## Requirement
The copy you produce must hold every record exactly, and none of the images.

Extracted records:
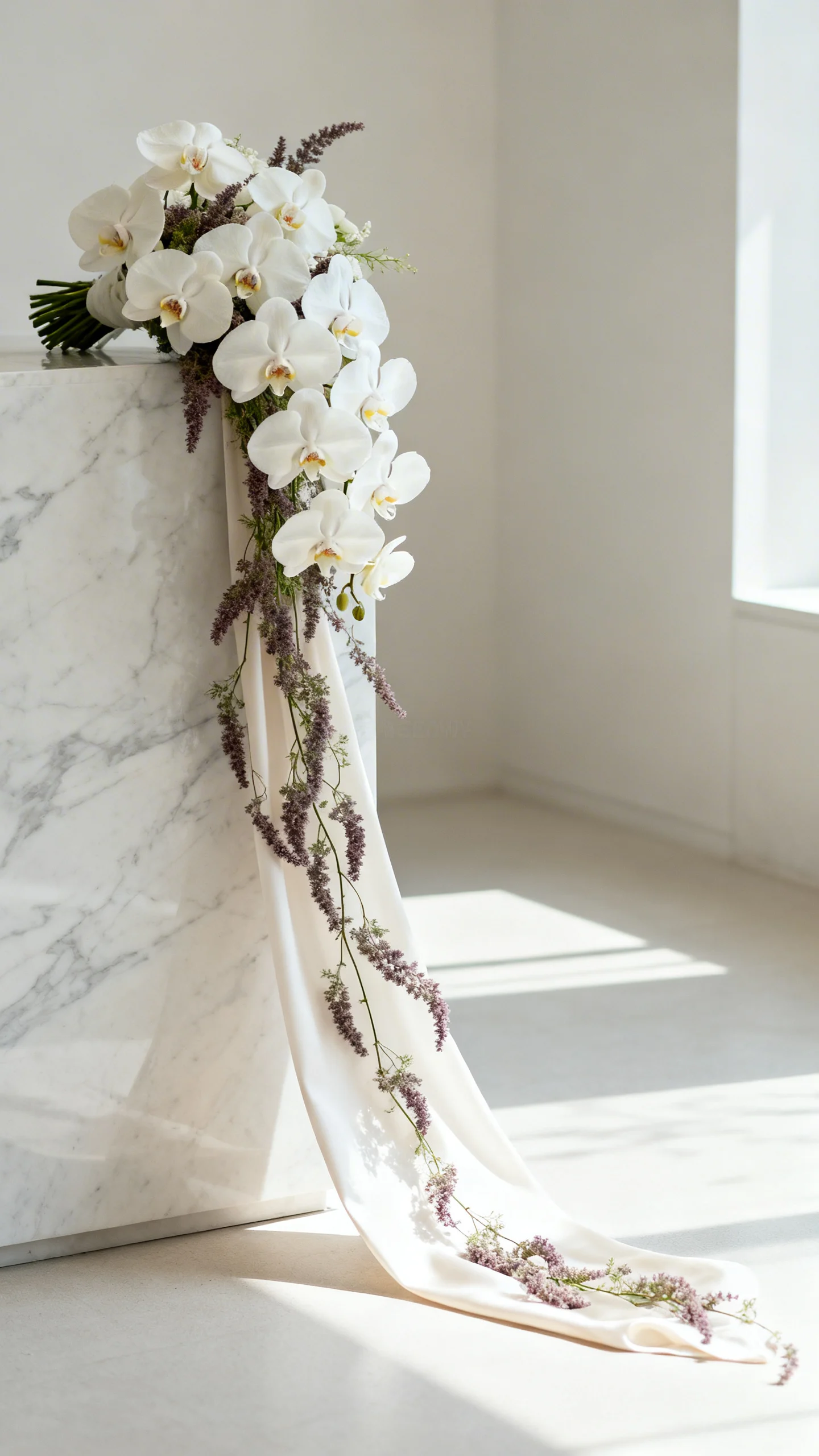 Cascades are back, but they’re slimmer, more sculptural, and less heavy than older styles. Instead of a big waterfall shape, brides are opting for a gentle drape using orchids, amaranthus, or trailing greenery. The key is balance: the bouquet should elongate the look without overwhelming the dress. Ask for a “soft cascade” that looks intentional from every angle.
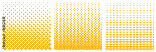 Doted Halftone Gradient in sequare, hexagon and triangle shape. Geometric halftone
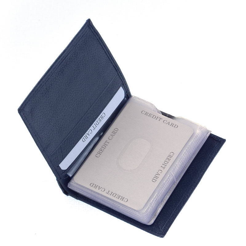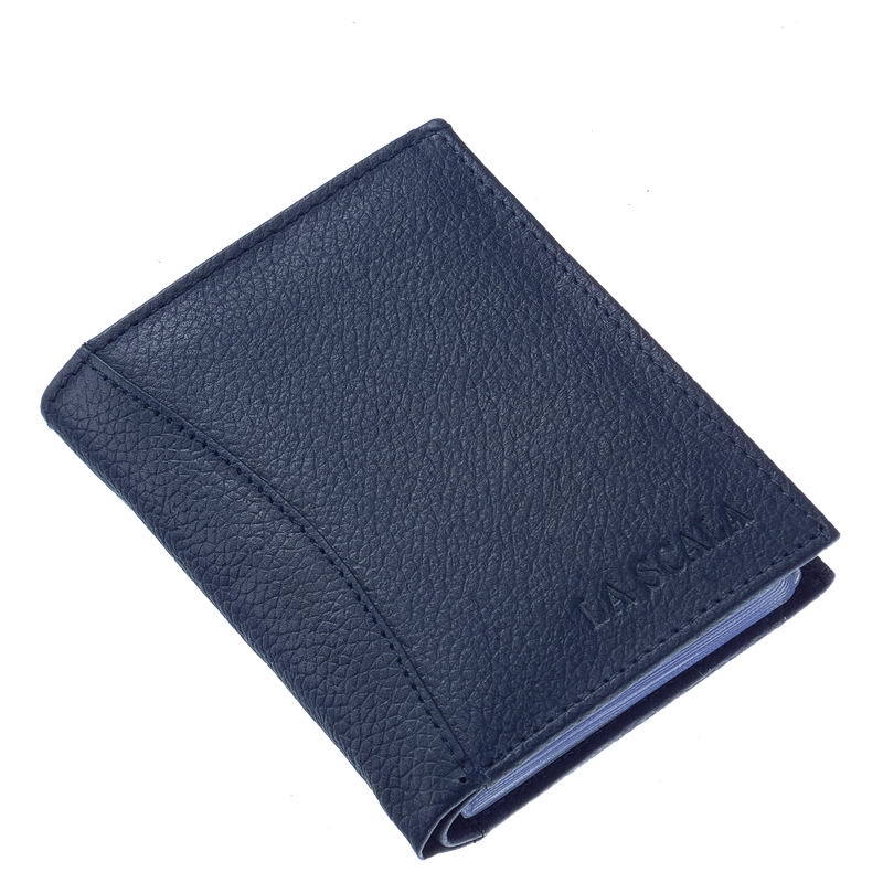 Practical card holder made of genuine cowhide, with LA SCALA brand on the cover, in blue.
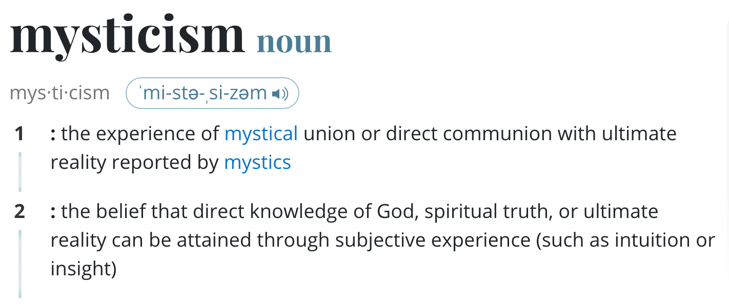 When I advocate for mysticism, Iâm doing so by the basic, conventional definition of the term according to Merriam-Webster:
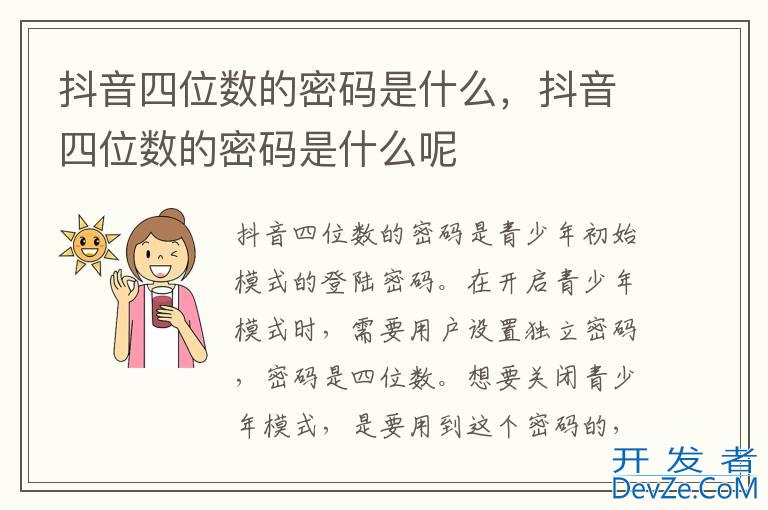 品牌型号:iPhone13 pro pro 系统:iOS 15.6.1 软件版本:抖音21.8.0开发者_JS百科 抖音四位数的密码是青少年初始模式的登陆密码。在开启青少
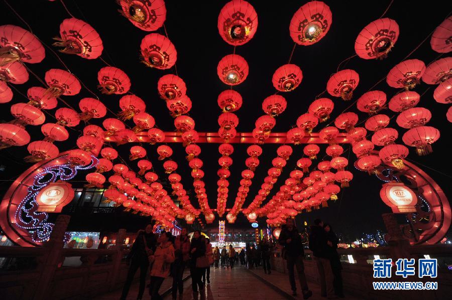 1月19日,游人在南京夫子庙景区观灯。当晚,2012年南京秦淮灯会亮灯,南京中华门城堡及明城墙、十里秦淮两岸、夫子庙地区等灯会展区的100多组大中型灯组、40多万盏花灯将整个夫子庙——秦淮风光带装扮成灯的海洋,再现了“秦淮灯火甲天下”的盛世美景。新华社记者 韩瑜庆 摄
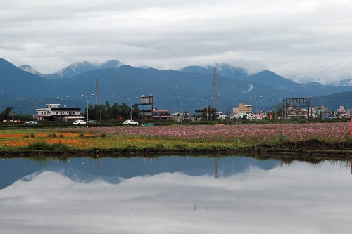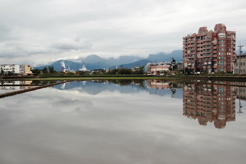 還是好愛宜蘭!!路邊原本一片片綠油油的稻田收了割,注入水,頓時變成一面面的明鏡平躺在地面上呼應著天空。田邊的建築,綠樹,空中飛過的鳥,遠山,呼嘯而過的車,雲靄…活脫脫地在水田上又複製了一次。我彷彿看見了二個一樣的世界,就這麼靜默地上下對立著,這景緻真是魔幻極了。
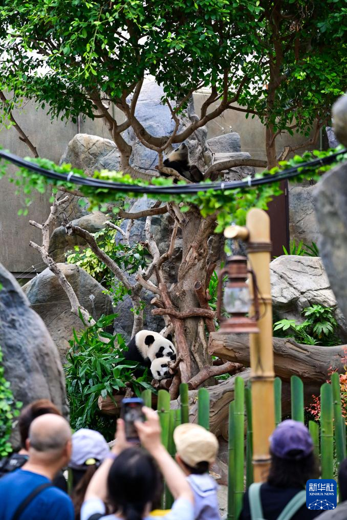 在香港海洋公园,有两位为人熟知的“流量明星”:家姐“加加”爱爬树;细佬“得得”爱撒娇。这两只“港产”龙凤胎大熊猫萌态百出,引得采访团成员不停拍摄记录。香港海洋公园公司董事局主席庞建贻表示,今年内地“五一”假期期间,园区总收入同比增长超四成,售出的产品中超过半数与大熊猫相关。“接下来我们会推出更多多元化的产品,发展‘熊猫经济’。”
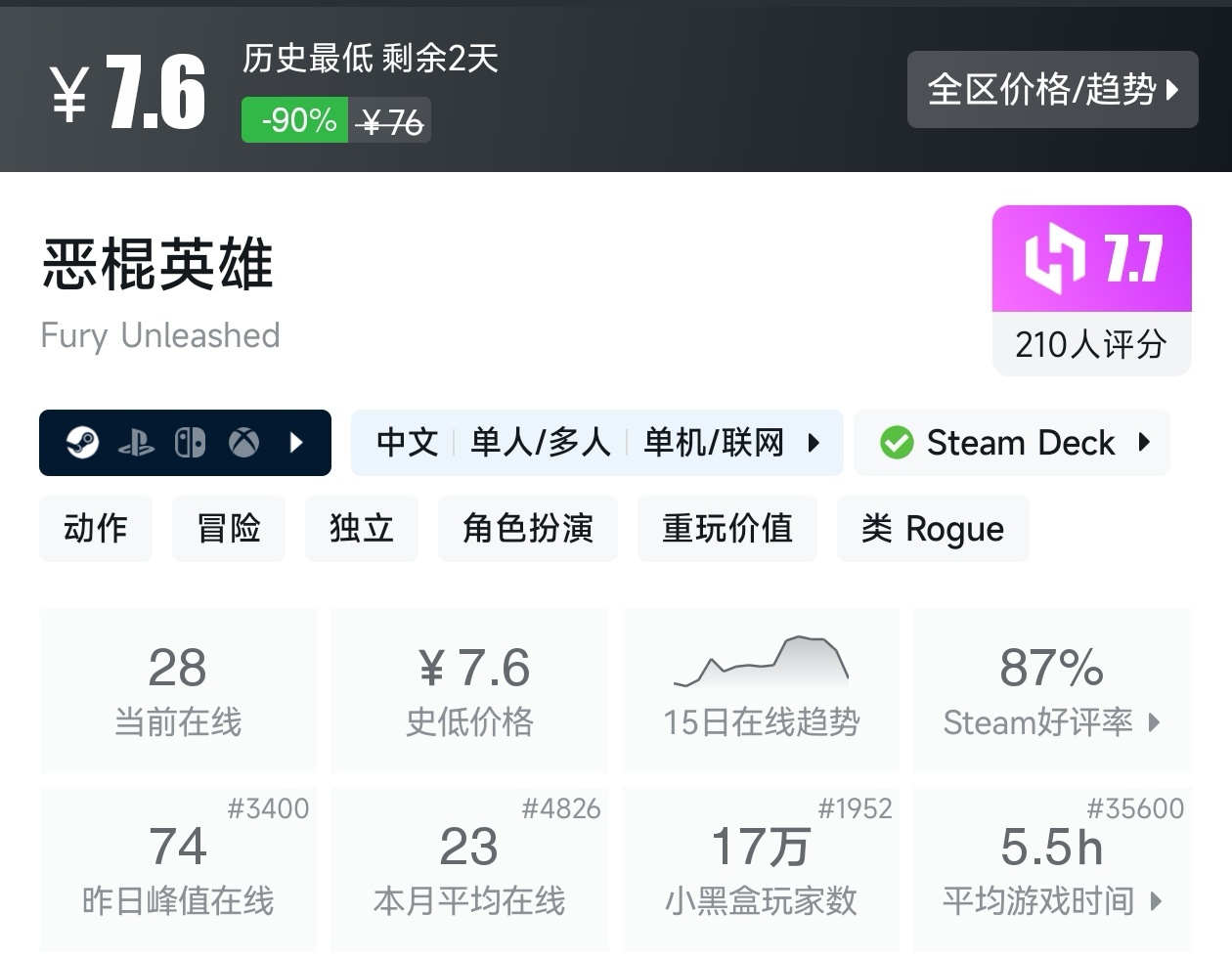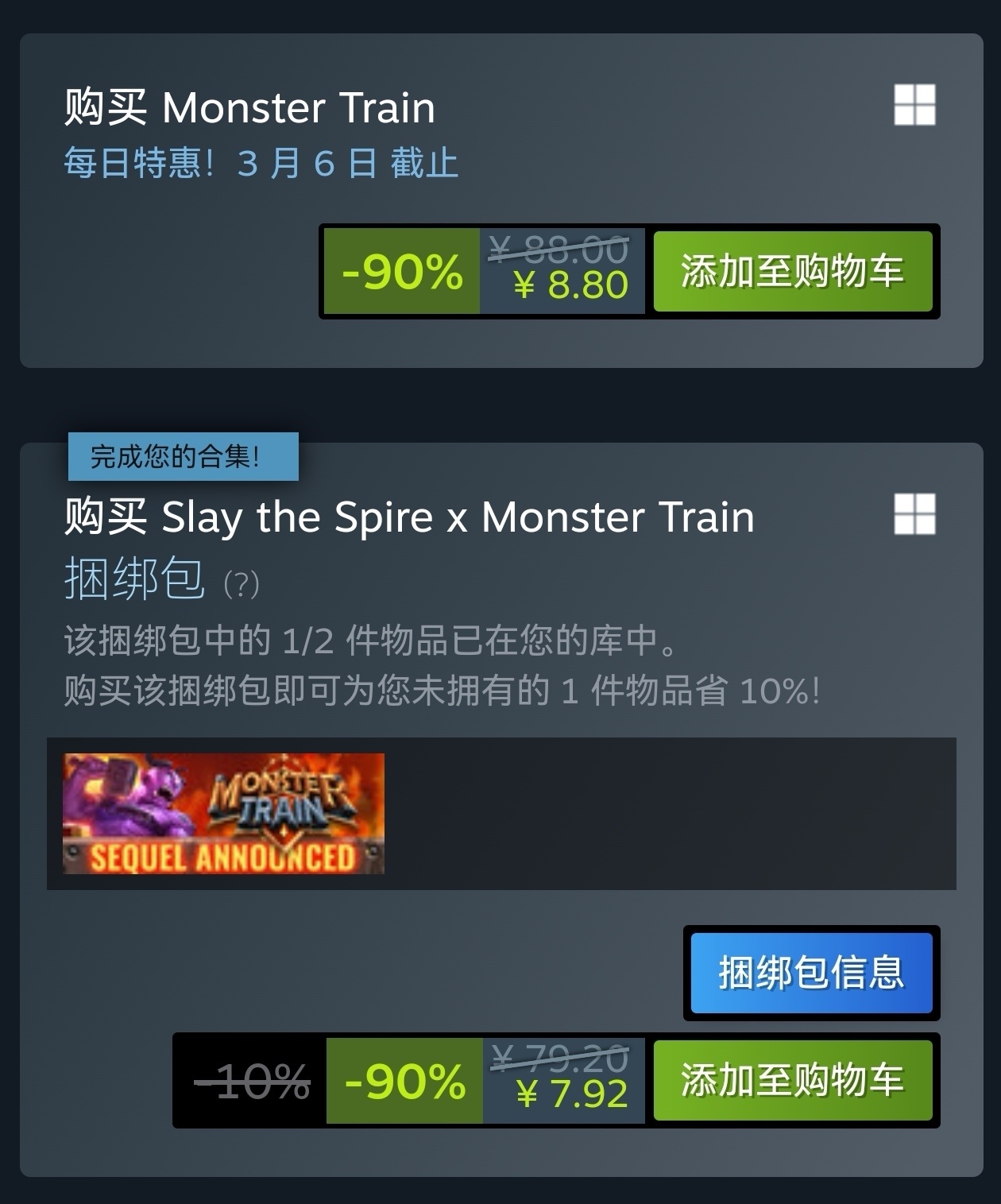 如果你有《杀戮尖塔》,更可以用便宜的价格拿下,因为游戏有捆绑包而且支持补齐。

## Solution to this problem
 Cascades are back, but they’re slimmer, more sculptural, and less heavy than older styles. Instead of a big waterfall shape, brides are opting for a gentle drape using orchids, amaranthus, or trailing greenery. The key is balance: the bouquet should elongate the look without overwhelming the dress. Ask for a “soft cascade” that looks intentional from every angle.
 Doted Halftone Gradient in sequare, hexagon and triangle shape. Geometric halftone
 Practical card holder made of genuine cowhide, with LA SCALA brand on the cover, in blue.
 When I advocate for mysticism, Iâm doing so by the basic, conventional definition of the term according to Merriam-Webster:
 品牌型号:iPhone13 pro pro 系统:iOS 15.6.1 软件版本:抖音21.8.0开发者_JS百科 抖音四位数的密码是青少年初始模式的登陆密码。在开启青少
 1月19日,游人在南京夫子庙景区观灯。当晚,2012年南京秦淮灯会亮灯,南京中华门城堡及明城墙、十里秦淮两岸、夫子庙地区等灯会展区的100多组大中型灯组、40多万盏花灯将整个夫子庙——秦淮风光带装扮成灯的海洋,再现了“秦淮灯火甲天下”的盛世美景。新华社记者 韩瑜庆 摄
 還是好愛宜蘭!!路邊原本一片片綠油油的稻田收了割,注入水,頓時變成一面面的明鏡平躺在地面上呼應著天空。田邊的建築,綠樹,空中飛過的鳥,遠山,呼嘯而過的車,雲靄…活脫脫地在水田上又複製了一次。我彷彿看見了二個一樣的世界,就這麼靜默地上下對立著,這景緻真是魔幻極了。
 在香港海洋公园,有两位为人熟知的“流量明星”:家姐“加加”爱爬树;细佬“得得”爱撒娇。这两只“港产”龙凤胎大熊猫萌态百出,引得采访团成员不停拍摄记录。香港海洋公园公司董事局主席庞建贻表示,今年内地“五一”假期期间,园区总收入同比增长超四成,售出的产品中超过半数与大熊猫相关。“接下来我们会推出更多多元化的产品,发展‘熊猫经济’。”
 如果你有《杀戮尖塔》,更可以用便宜的价格拿下,因为游戏有捆绑包而且支持补齐。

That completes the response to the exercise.